3. The waste mold rapid-crushing device for 3D printing according to claim 1, wherein the pushing assembly (82) comprises a rotating unit (821), a second rack plate (822), a first slider (823), a first push rod (824), a second slider (825), a first guide bar (826), a second push rod (827), a third slider (828) and a second guide bar (829); the rotating unit (821) and the second rack plate (822) are engaged with each other; the second rack plate (822) is fixedly connected to the first sliding block (823); one end of the first push rod (824) is hinged to the first sliding block (823), and the other end of the first push rod is hinged to the second sliding block (825); the second sliding block (825) is connected to the first guide rod (826) in a sliding mode; the first guide rod (826) is fixedly connected to the inner wall of the second fixing plate (7); one end of the second push rod (827) is hinged to the second slide block (825), and the other end of the second push rod is hinged to the third slide block (828); the third sliding block (828) is connected to the second guide rod (829) in a sliding mode; one end of the second guide rod (829) is fixedly connected to the first guide rod (826), and the other end of the second guide rod is fixedly connected to the inner wall of the first fixing plate (1); the top end of the third sliding block (828) is fixedly connected with a material pushing plate (84).

4. The rapid scrap die breaking apparatus for 3D printing according to claim 3, wherein the rotating unit (821) comprises a rotating shaft (8211) and a gear (8212); the rotating shaft (8211) is connected to the inner wall of the second fixing plate (7) in a sliding manner; the gear (8212) is fixedly connected to the rotating shaft (8211) and is meshed with the second rack plate (822).

5. The waste mold rapid crushing device for 3D printing according to claim 1, characterized in that the transmission mechanism (5) comprises a cylinder (51) and a telescopic rod (52); the cylinder (51) is fixedly connected to the first fixing plate (1); one end of the telescopic rod (52) is fixedly connected to the air cylinder (51), and the other end of the telescopic rod is fixedly connected to the broken blocks (61).

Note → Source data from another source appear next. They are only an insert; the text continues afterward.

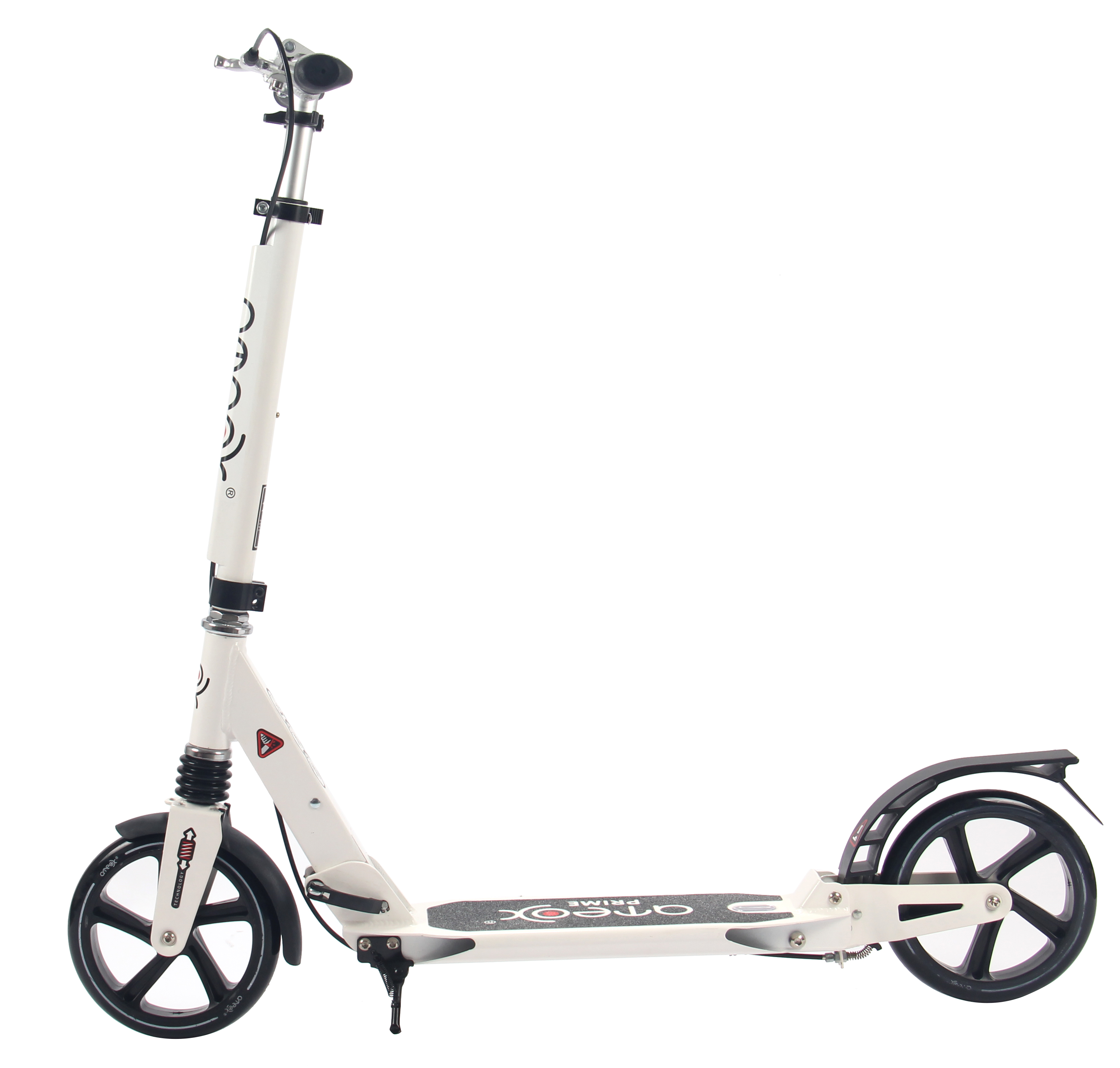 Самокат для взрослых Ateox PRIME с большими колесами и ручным тормозом (Белый) - это обновленная и усовершенствованная версия всем так полюбившегося самоката ATEOX L-200-2S! Он оснащен двумя амортизаторами, причем задний амортизатор регулируемый, что позволит настроить жетскость самоката так, как нужно именно Вам! Большие, 200 миллиметровые полиуретановые колеса с подшипниками ABEC 7 обеспечат отличный накат и скорость практически на любой поверхности дороги, а ручной тормоз придаст уверенности торможению. Анатомические грипсы (ручки) самоката изготовлены из высококачественной резины и не позволят соскользнуть вашим рукам при катании, а антилюфтовая система крепления надежно фикирует рукоятки руля для полного контроля над самокатом. Удобная, легкая и надежная система складывания позволит передвигаться с самокатом по городу без проблем - просто сложите его, наденьте на плечо с помощью ремня-держателя и Вы уже в метро или автобусе - едете туда, где Вам хочется кататься! Осталось только выбрать один из ярких и стильных оттенков и вперед - навстречу приключениям вместе с самокатом PRIME от АТЕОХ!
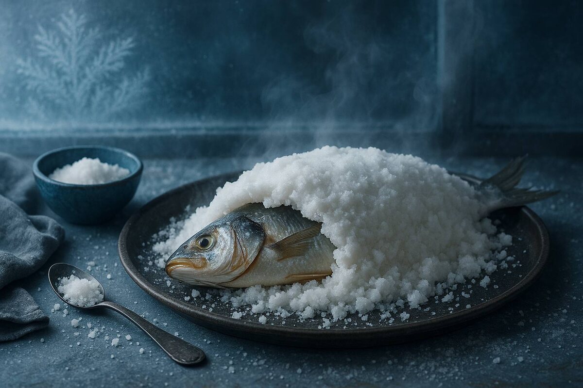 Идея этого рецепта пришла из Югры, где рыбу редко жарят или запекают. Вместо этого, ее обмазывают солью и прикрывают снежным слоем. Результат — сочная, плотная рыба с ароматом костра и свежего северного ветра, вкус которой словно создается самой природой.
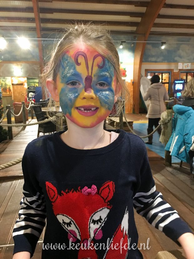 We blijven vandaag op het park. Ella-Marie wordt geschminkt in de Bollo club en ’s middags gaan we bowlen.
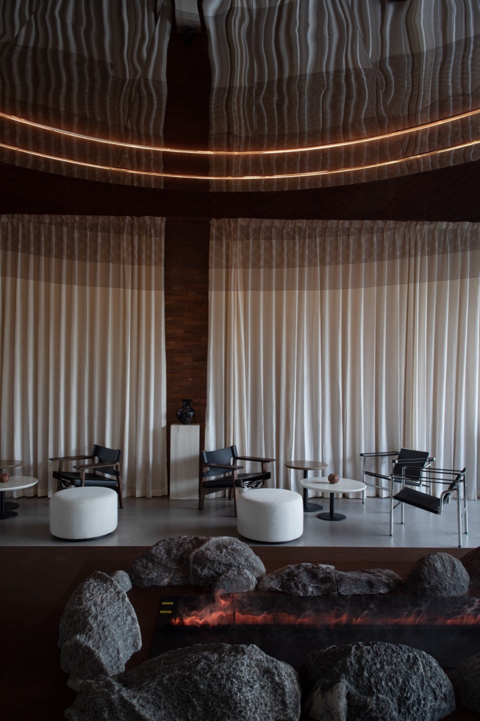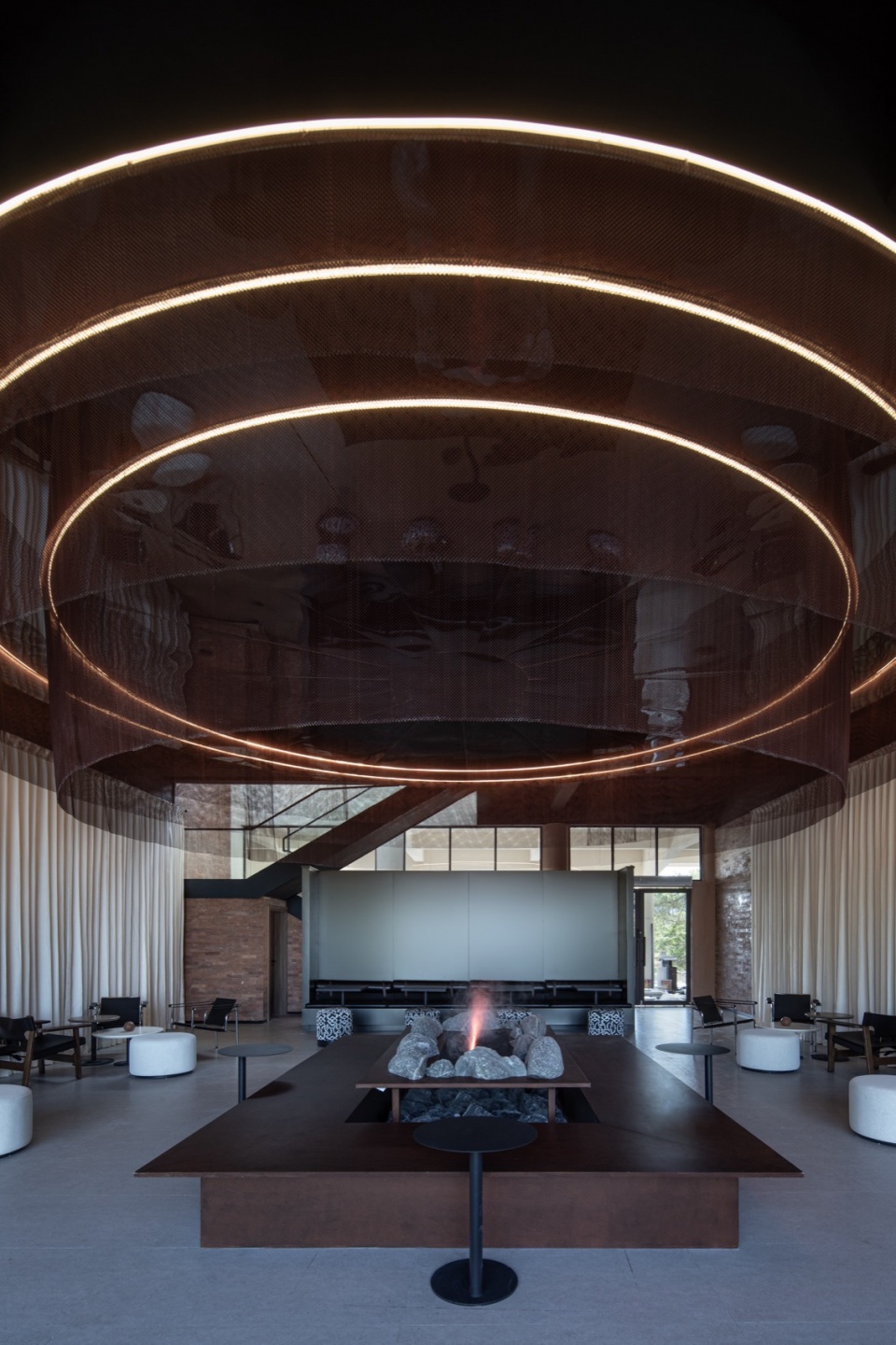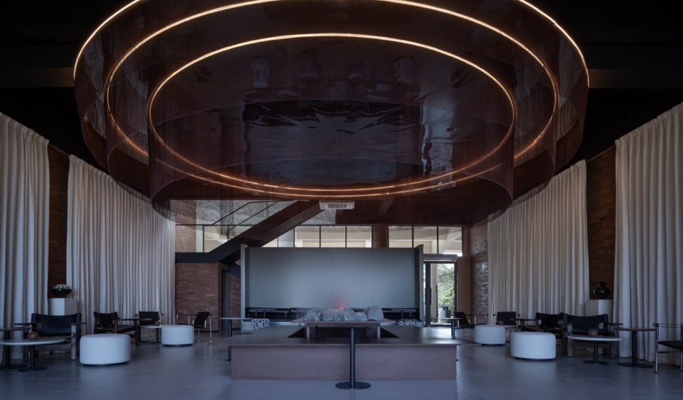 这种最简洁的方式,使空间获得了极高的静谧感和开放性,让人在其中不被设计本身干扰,专注于景观、光线与人的关系。弧形顶面并非形式表达,而是服务于结构整合与空间情绪的有效介入,构成了空间“去设计化”理念的核心体现。
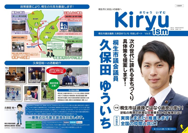 3月29日(水)の朝刊各紙に久保田ゆういち 市政レポート「Kiryu ism(きりゅういずむ)」を折り込ませていただきました。今回は旧桐生市内、黒保根町内への配布となり、新里向けのレポートは別途町内にて配布させていただいています。
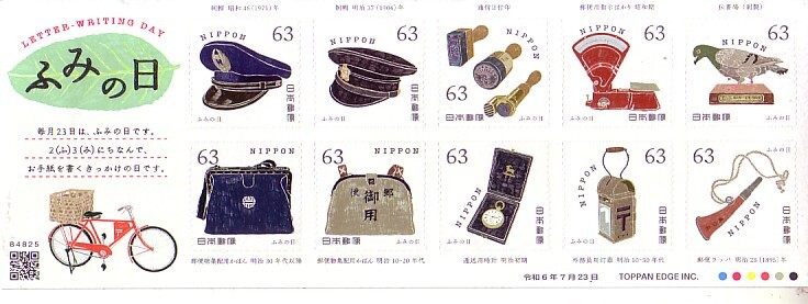 「ふみの日 Letter Writing Day 令和6年」の記念切手です (63円切手X10枚)。送料は普通便110円(郵送 複数落札でも同一料金)になります。
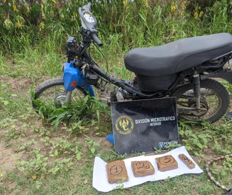 Luego de un recorrido largo, el joven cayó del rodado e intentó huir a pie siendo atrapado por los efectivos policiales en un camino vecinal.Al inspeccionar el contenido del bolso encontraron 4 paquetes con forma rectangular, tipo ladrillo, conteniendo una sustancia que terminaría siendo Marihuana, arrojando un pesaje de 1 kilo 630 gramos.
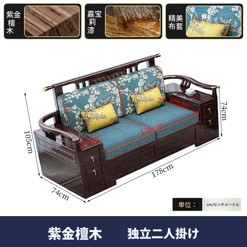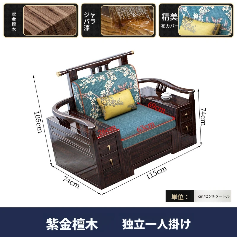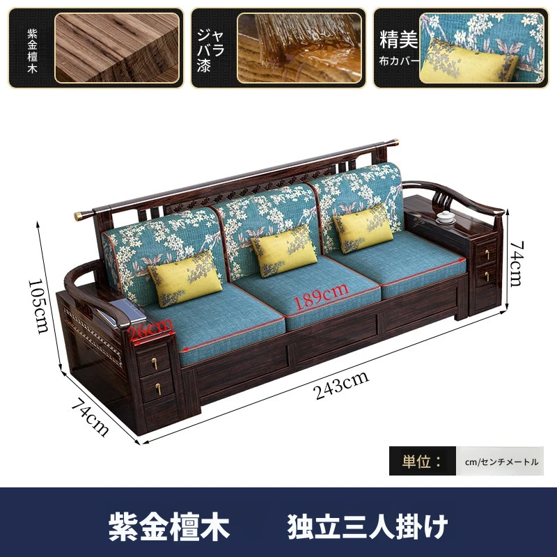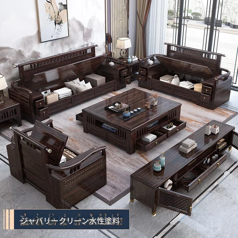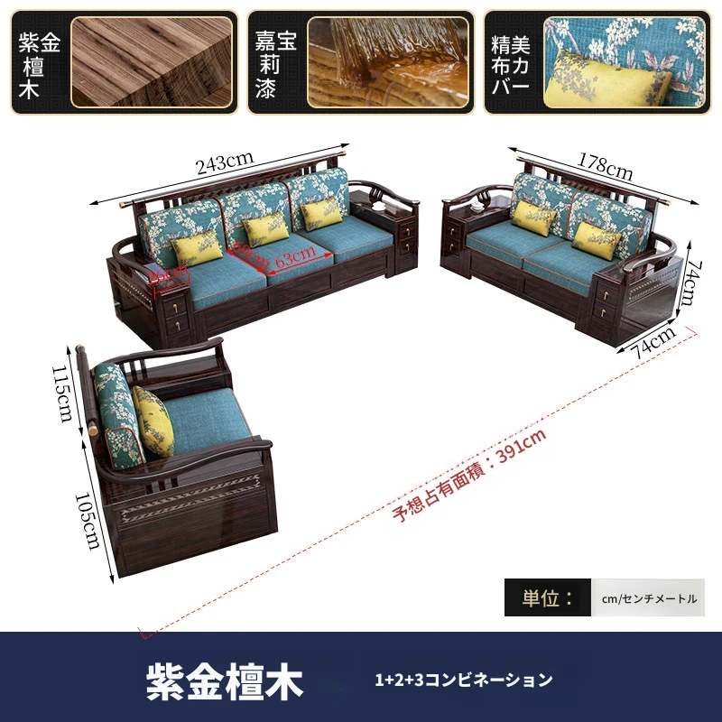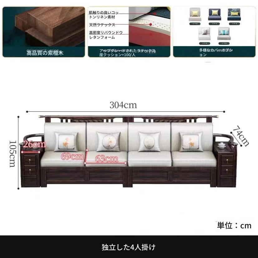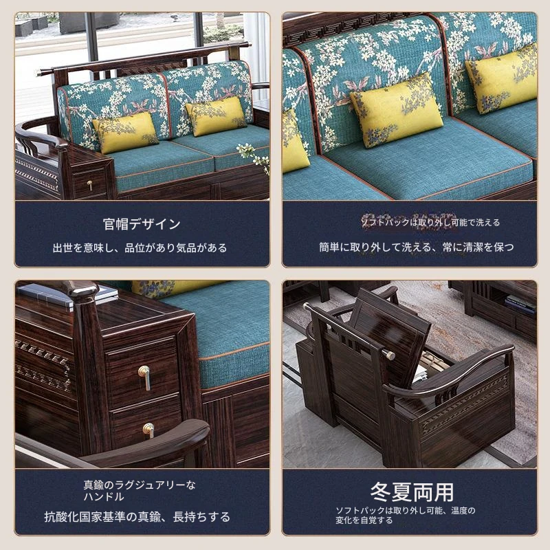 新中式軽奢紫金檀木全実木ソファー|冬夏兼用・収納付き・高級家具・リビングルーム用コンビネーションで、洗練された空間を演出します!
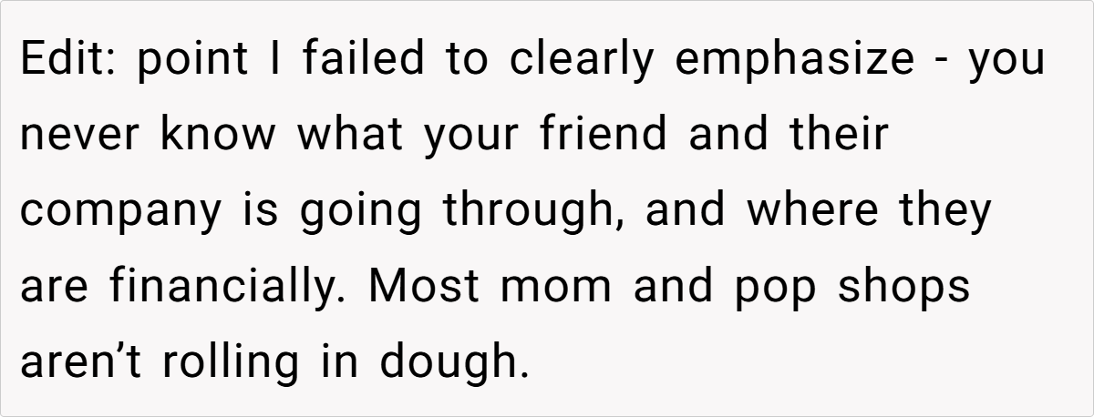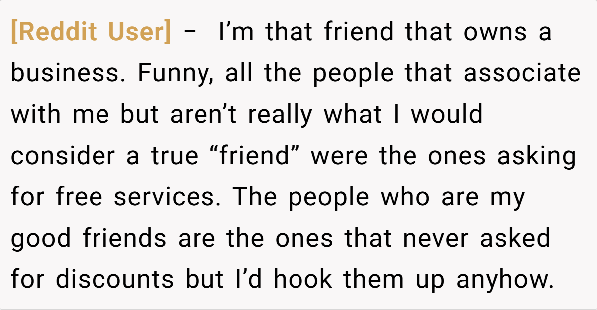 In a candid and humorous way, the original poster reveals the delicate balance between friendship and business—a balance that’s sometimes tipped too far. The narrative immediately draws you in with its frank, relatable tone and a dash of cheeky humor that hints at the absurdity of expecting freebies simply because you’re pals.
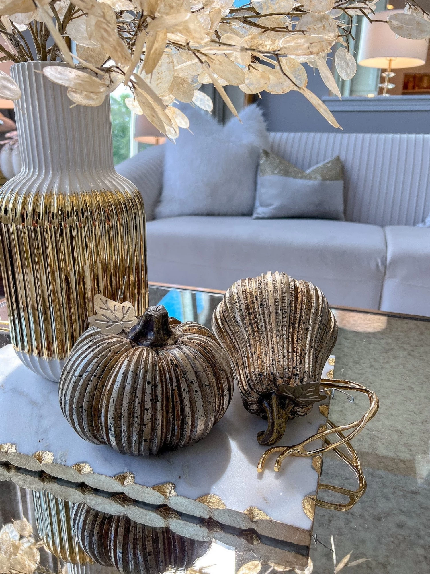 Description: This stunning bronze and gold striped fall decor have an intricately detailed little leaf that is perfect for fall and Halloween and is sure to elevate your decor!
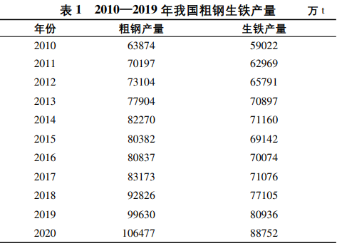 鋼鐵工業(yè)是重要的基礎(chǔ)工業(yè),是發(fā)展國民經(jīng)濟與國防建設(shè)的物質(zhì)基礎(chǔ)。它的原料、燃料及輔助材料資源狀況,影響著鋼鐵工業(yè)規(guī)模、產(chǎn)品質(zhì)量、經(jīng)濟效益和布局方向。1996 年,中國粗鋼產(chǎn)量突破 1 億 t,躍居世界第一。表 1 給出了從 2010 年到 2020 年我國粗鋼產(chǎn)量,可以看出 2015 年曾發(fā)生過一次產(chǎn)量的下降,當年中國粗鋼產(chǎn)量下降至 8. 0 億 t,比上年減少 1900萬 t,同比下降 2. 33%。2016 年鋼鐵供給側(cè)改革拉開大幕之后,行業(yè)逐漸回暖,鋼鐵產(chǎn)量再次逐年攀升。2015 年至今,中國粗鋼產(chǎn)量已累計增長約 25%。鋼鐵工業(yè)是資源密集、能耗密集、排放密集型產(chǎn)業(yè)。鋼鐵企業(yè)在生產(chǎn)過程中產(chǎn)生的固體廢棄物主要有鋼渣、高爐渣( 包括水渣、干渣) 、含鐵塵泥( 包括燒結(jié)、煉鐵、煉鋼及軋鋼等系統(tǒng)收集的除塵灰泥) 、脫硫灰、電廠粉煤灰、廢耐火材料和工業(yè)垃圾等。平均每噸鋼產(chǎn)生固廢 500~800 kg。在過去的 20 年中,隨著我國粗鋼產(chǎn)量的增加,鋼鐵工業(yè)固廢的產(chǎn)量也大幅增加。

6. The waste mold rapid breaking device for 3D printing as claimed in claim 1, wherein the shock absorption mechanism (9) comprises a first pressure plate (91), a third push rod (92), a fixed box (93), a T-shaped plate (94), a first air bag (95), a second air bag (96), a second pressure plate (97) and an elastic bag (98); the first pressure plate (91) is fixedly connected to the inner wall of the base (4) through a spring; one end of the third push rod (92) is hinged to the bottom end of the first pressing plate (91), and the other end of the third push rod is hinged to the end of the T-shaped plate (94); the fixed box (93) is fixedly connected to the inner wall of the base (4); the T-shaped plate (94) is arranged in the fixed box (93); the first air bag (95) is fixedly connected in the fixed box (93) and is in contact with the T-shaped plate (94); the second air bag (96) is fixedly connected to the top end of the fixed box (93) and is communicated with the first air bag (95) through a hose; the second pressure plate (97) is fixedly connected to the fixed box (93) through a spring, and the bottom end of the second pressure plate is in contact with the second air bag (96); the elastic bag (98) is arranged in the base (4).